Les PEP sont des personnes qui, en raison de leurs fonctions actuelles ou passées, présentent un risque accru de corruption ou de blanchiment. Elles ne sont pas sanctionnées — mais toute relation commerciale avec elles impose une vigilance renforcée.

Qui est PEP ?

  • Chefs d'État, ministres, parlementaires, ambassadeurs
  • Hauts responsables d'entreprises publiques
  • Juges de cours supérieures
  • Dirigeants de partis politiques
  • Membres de la famille proche et associés notoires des PEP (par extension)

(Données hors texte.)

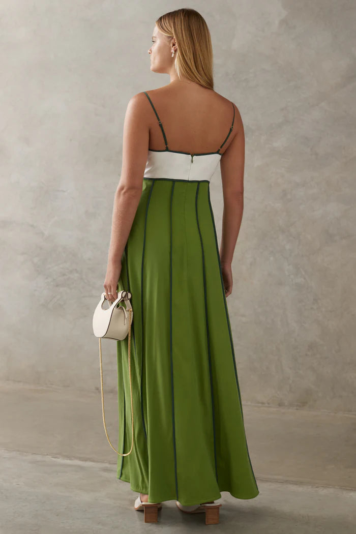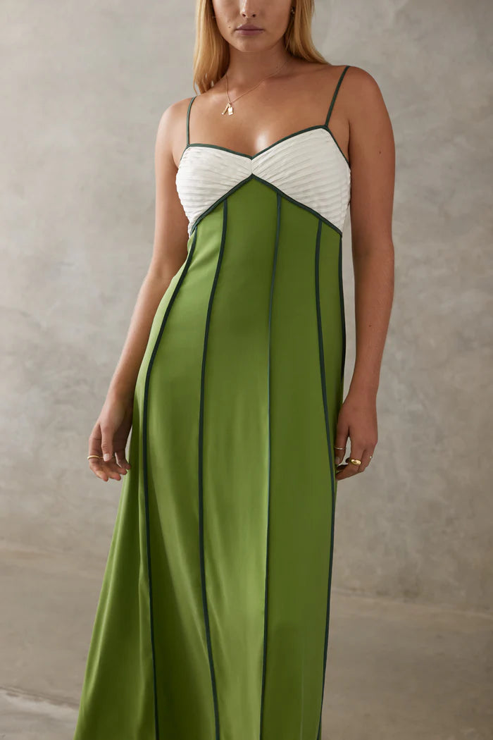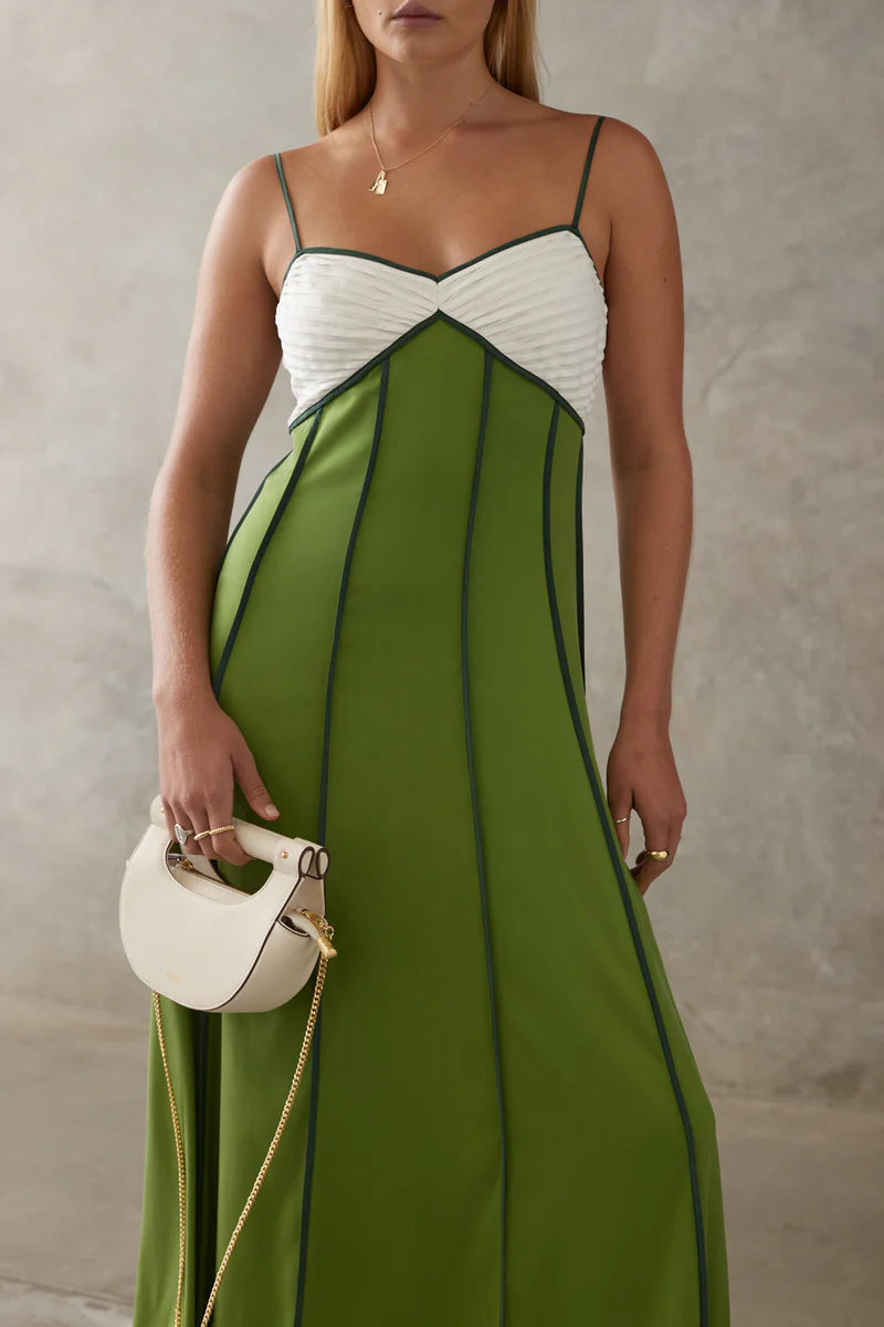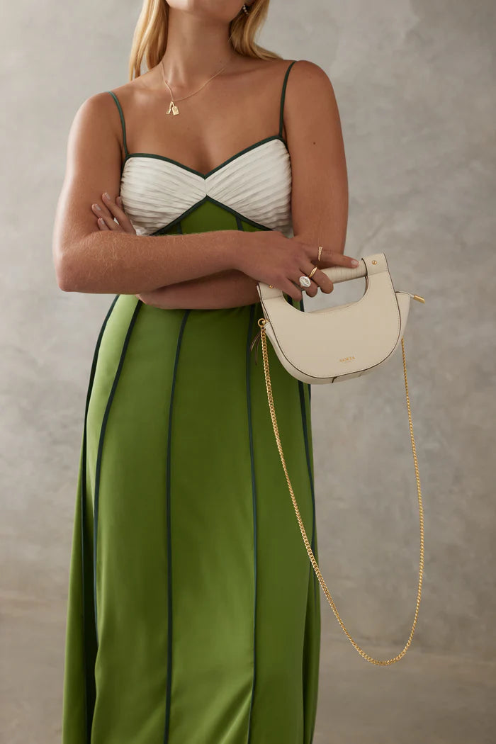 Introducing the Odele Dress. Exquisitely crafted with a delicate pintucking feature at bust and floaty panelled skirt with contrast binding. Our palm colourway in our signature cupro viscose blend and our Porcelain in our cupro rayon blend. The perfect occasion dress to be paired with our Merida Bag.

Les obligations spécifiques pour les PEP : approbation par la direction avant d'entrer en relation, identification de l'origine des fonds, surveillance continue de la relation.

Obligations de filtrage

Quand filtrer ?

  • À l'entrée en relation avec toute nouvelle contrepartie (client, fournisseur, partenaire)
  • Lors de chaque mise à jour significative du dossier client
  • Avant toute transaction supérieure à un seuil défini (10 K€ est un seuil courant pour les PME)
  • À chaque publication d'une nouvelle liste de sanctions

Comment filtrer ?

Le filtrage manuel est impraticable à l'échelle : les listes contiennent des dizaines de milliers de noms, mettent à jour plusieurs fois par mois, et nécessitent un fuzzy matching pour détecter les variantes orthographiques. Les outils automatisés sont indispensables.

La solution open-source la plus complète est OpenSanctions, qui agrège plus de 200 listes mondiales en une base normalisée et mise à jour en temps réel. L'API est gratuite pour les usages modérés et payante pour les volumes importants.

Conséquences d'une violation

Les sanctions pour violation peuvent atteindre :

  • Amendes financières : de plusieurs centaines de milliers à plusieurs milliards d'euros (voir cas BNP)
  • Interdictions d'exercice : retrait d'agrément, suspension d'activité
  • Responsabilité pénale : les dirigeants peuvent être personnellement poursuivis
  • Atteinte réputationnelle : perte de confiance des clients, des banques, des investisseurs
  • Exclusion du système bancaire mondial : une entreprise sanctionnée ne peut plus ouvrir de compte en dollars, ni traiter avec les grandes banques internationales

Mettre en place un programme de sanctions

Voici les 5 étapes pour être conforme :

  1. Cartographier les risques : identifier les contreparties à risque selon les critères géographiques, sectoriels et de montant
  2. Définir une politique interne : qui filtre, quand, avec quels outils, avec quelles procédures d'escalade
  3. Automatiser le filtrage : intégrer OpenSanctions ou équivalent dans le workflow d'entrée en relation
  4. Former les équipes : les commerciaux et les opérationnels doivent reconnaître les signaux d'alerte
  5. Documenter et archiver : conserver les preuves de filtrage pendant 5 ans minimum

Le rôle des outils modernes

Les outils de due diligence automatisée intègrent nativement le filtrage sanctions comme composante du scoring. L'utilisateur ne gère pas les listes : il reçoit directement le résultat du croisement en même temps que le score global.